■ WHAT YOU HAVE TO DO ■
Output must consist only of the lines of the material below from the one with "Metals in soil" through the one with "Located down a", each reproduced exactly; no pictures belong in it.

■ MATERIAL FOR THE TASK ■
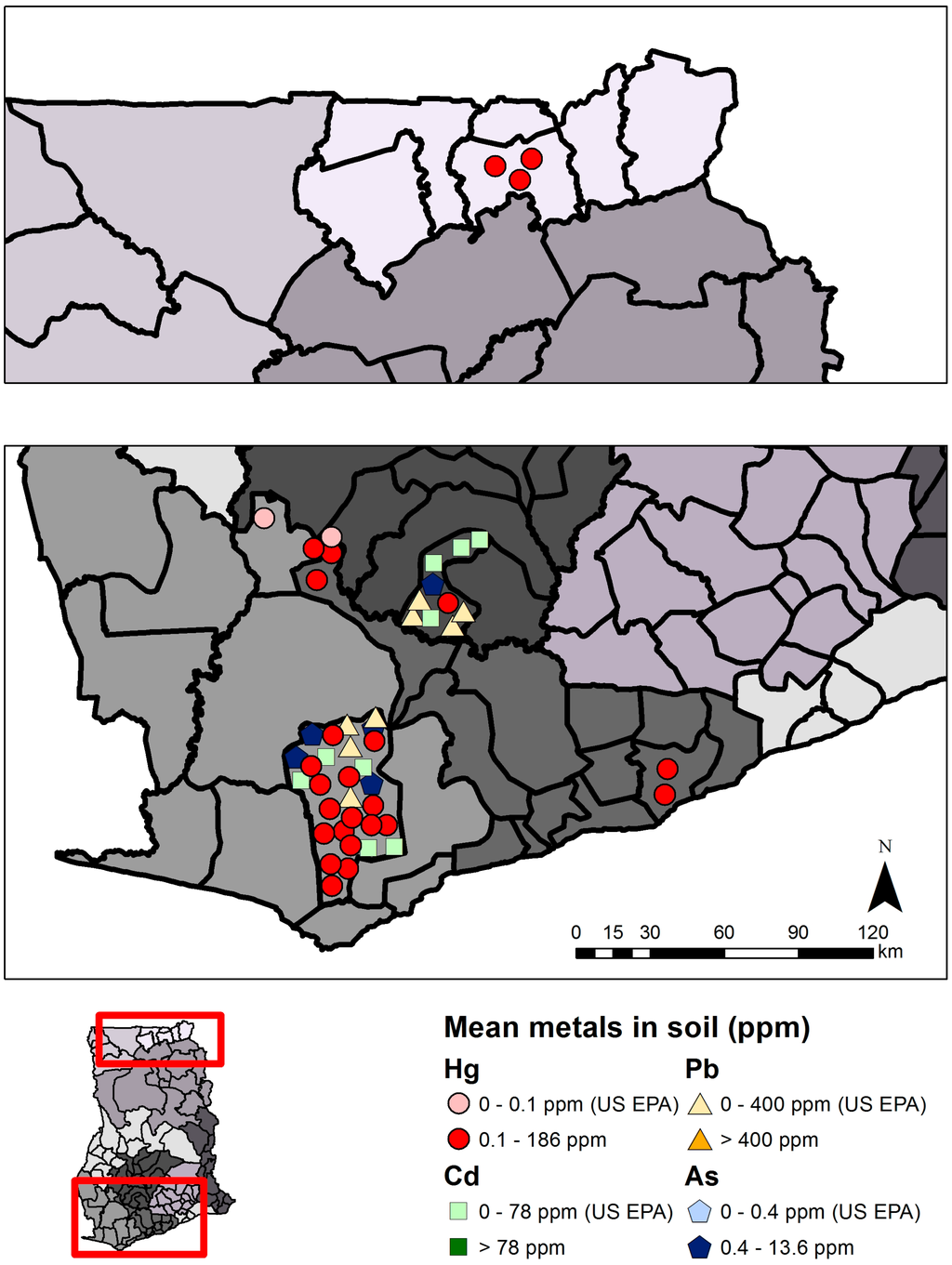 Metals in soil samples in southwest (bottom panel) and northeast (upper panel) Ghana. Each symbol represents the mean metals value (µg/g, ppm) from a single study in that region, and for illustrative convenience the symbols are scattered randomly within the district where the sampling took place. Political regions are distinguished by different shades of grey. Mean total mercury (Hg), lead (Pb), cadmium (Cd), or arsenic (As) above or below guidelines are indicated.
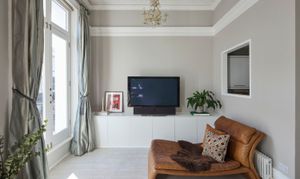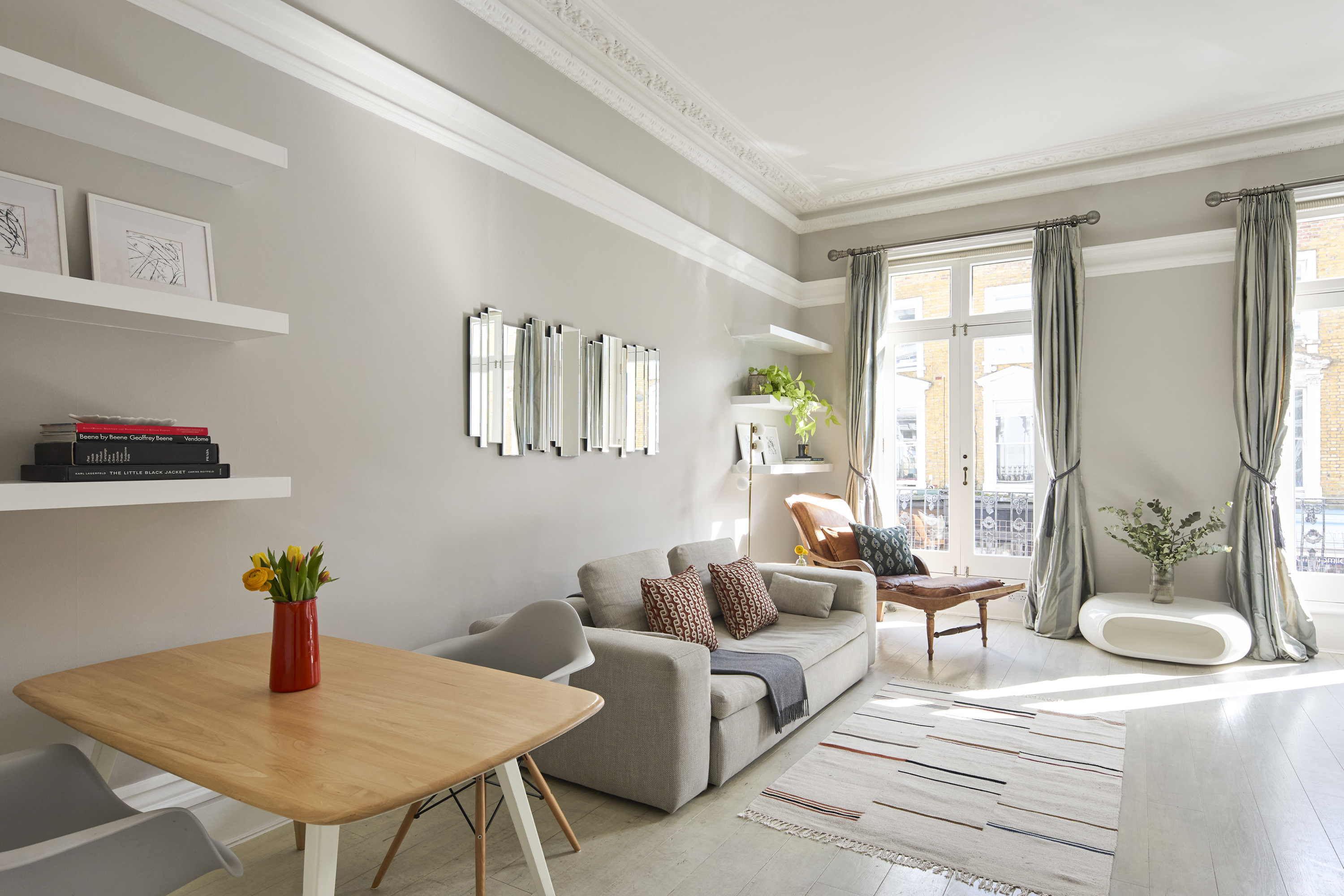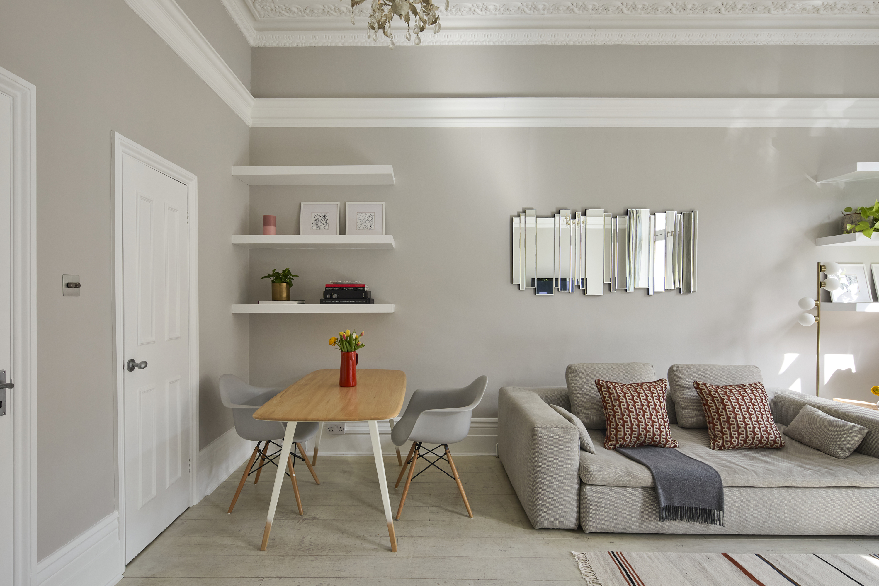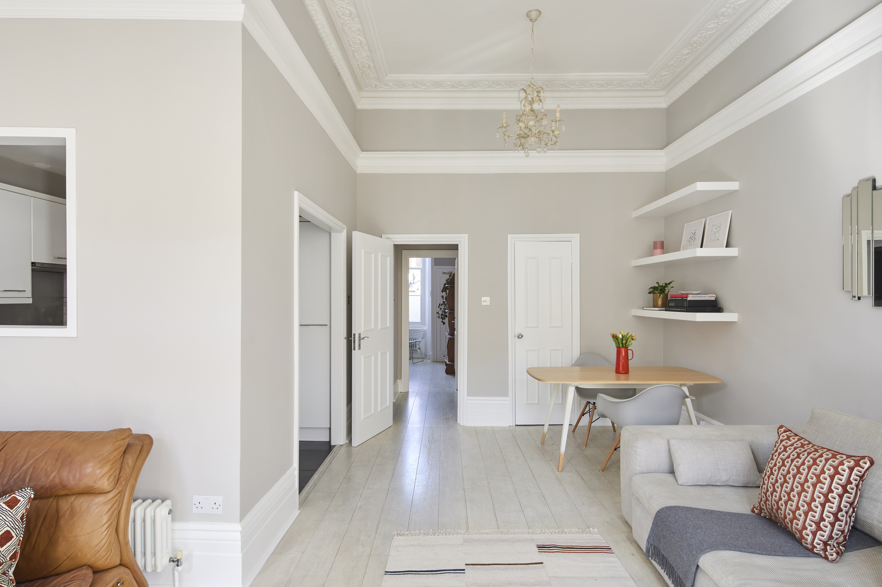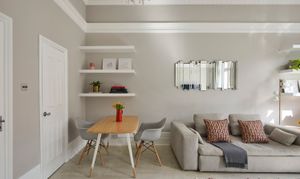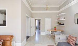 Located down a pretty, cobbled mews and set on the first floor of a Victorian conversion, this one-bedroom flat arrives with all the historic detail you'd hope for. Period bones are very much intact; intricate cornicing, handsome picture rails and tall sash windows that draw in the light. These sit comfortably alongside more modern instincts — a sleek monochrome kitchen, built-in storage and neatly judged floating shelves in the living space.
---
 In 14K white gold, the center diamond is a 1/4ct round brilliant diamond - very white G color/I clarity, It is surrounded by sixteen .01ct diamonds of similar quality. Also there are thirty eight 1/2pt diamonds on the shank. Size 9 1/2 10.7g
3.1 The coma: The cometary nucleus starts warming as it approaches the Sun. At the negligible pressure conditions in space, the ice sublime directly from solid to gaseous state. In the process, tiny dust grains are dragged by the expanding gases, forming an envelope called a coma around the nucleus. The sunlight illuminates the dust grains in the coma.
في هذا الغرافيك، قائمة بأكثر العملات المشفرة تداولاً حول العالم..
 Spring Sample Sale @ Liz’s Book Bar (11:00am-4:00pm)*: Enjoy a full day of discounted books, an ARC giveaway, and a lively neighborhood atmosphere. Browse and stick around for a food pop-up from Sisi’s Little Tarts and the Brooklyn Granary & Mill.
==
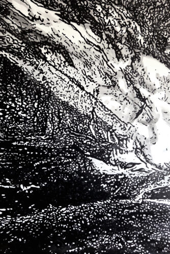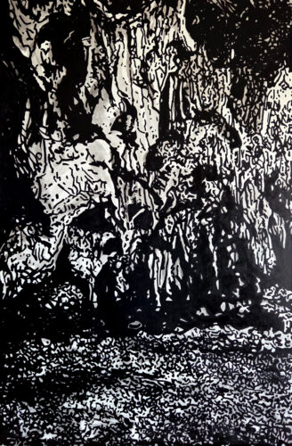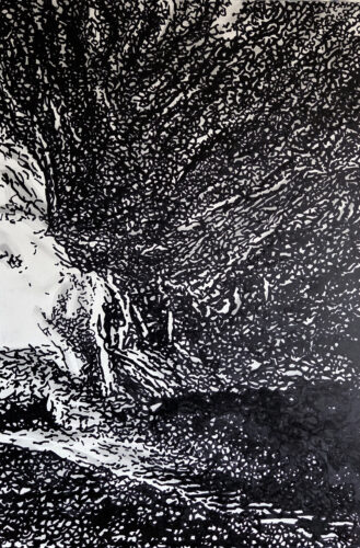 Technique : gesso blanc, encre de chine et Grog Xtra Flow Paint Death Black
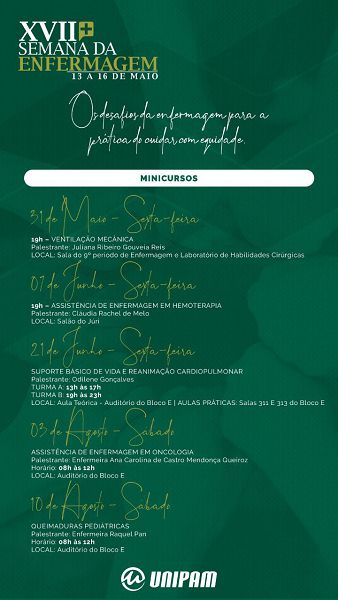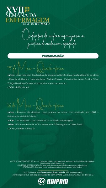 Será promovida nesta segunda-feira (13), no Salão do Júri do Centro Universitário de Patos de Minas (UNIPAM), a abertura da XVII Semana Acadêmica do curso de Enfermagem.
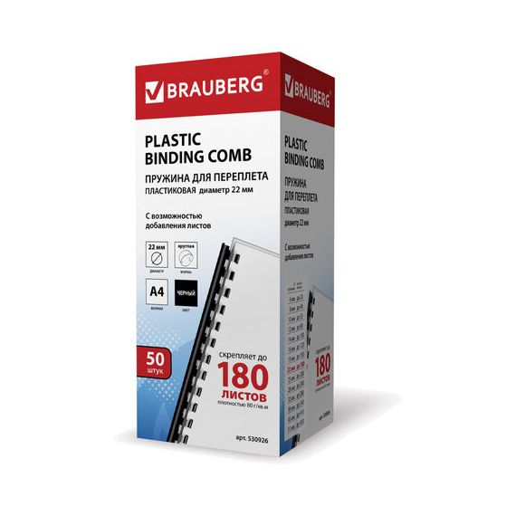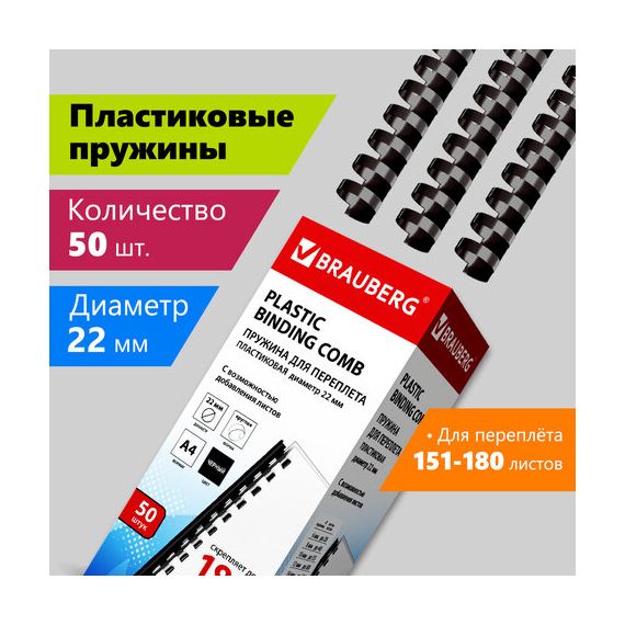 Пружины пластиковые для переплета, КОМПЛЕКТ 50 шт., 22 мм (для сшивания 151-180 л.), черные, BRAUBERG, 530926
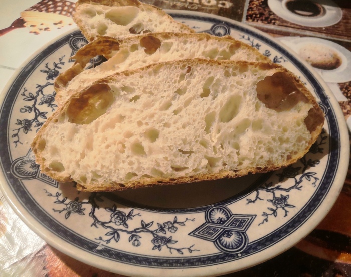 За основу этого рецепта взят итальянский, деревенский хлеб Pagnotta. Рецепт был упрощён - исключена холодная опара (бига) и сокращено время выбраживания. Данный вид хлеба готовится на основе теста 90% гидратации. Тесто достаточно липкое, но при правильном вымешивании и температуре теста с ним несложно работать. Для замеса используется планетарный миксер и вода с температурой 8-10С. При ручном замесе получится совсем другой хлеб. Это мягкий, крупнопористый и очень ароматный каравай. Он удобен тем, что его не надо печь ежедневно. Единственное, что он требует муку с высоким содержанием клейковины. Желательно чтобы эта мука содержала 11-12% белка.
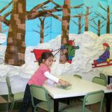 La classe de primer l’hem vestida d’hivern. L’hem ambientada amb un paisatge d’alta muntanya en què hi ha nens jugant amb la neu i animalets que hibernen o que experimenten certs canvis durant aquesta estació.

■ OUTPUT OF THE TASK ■
 Metals in soil samples in southwest (bottom panel) and northeast (upper panel) Ghana. Each symbol represents the mean metals value (µg/g, ppm) from a single study in that region, and for illustrative convenience the symbols are scattered randomly within the district where the sampling took place. Political regions are distinguished by different shades of grey. Mean total mercury (Hg), lead (Pb), cadmium (Cd), or arsenic (As) above or below guidelines are indicated.
 Located down a pretty, cobbled mews and set on the first floor of a Victorian conversion, this one-bedroom flat arrives with all the historic detail you'd hope for. Period bones are very much intact; intricate cornicing, handsome picture rails and tall sash windows that draw in the light. These sit comfortably alongside more modern instincts — a sleek monochrome kitchen, built-in storage and neatly judged floating shelves in the living space.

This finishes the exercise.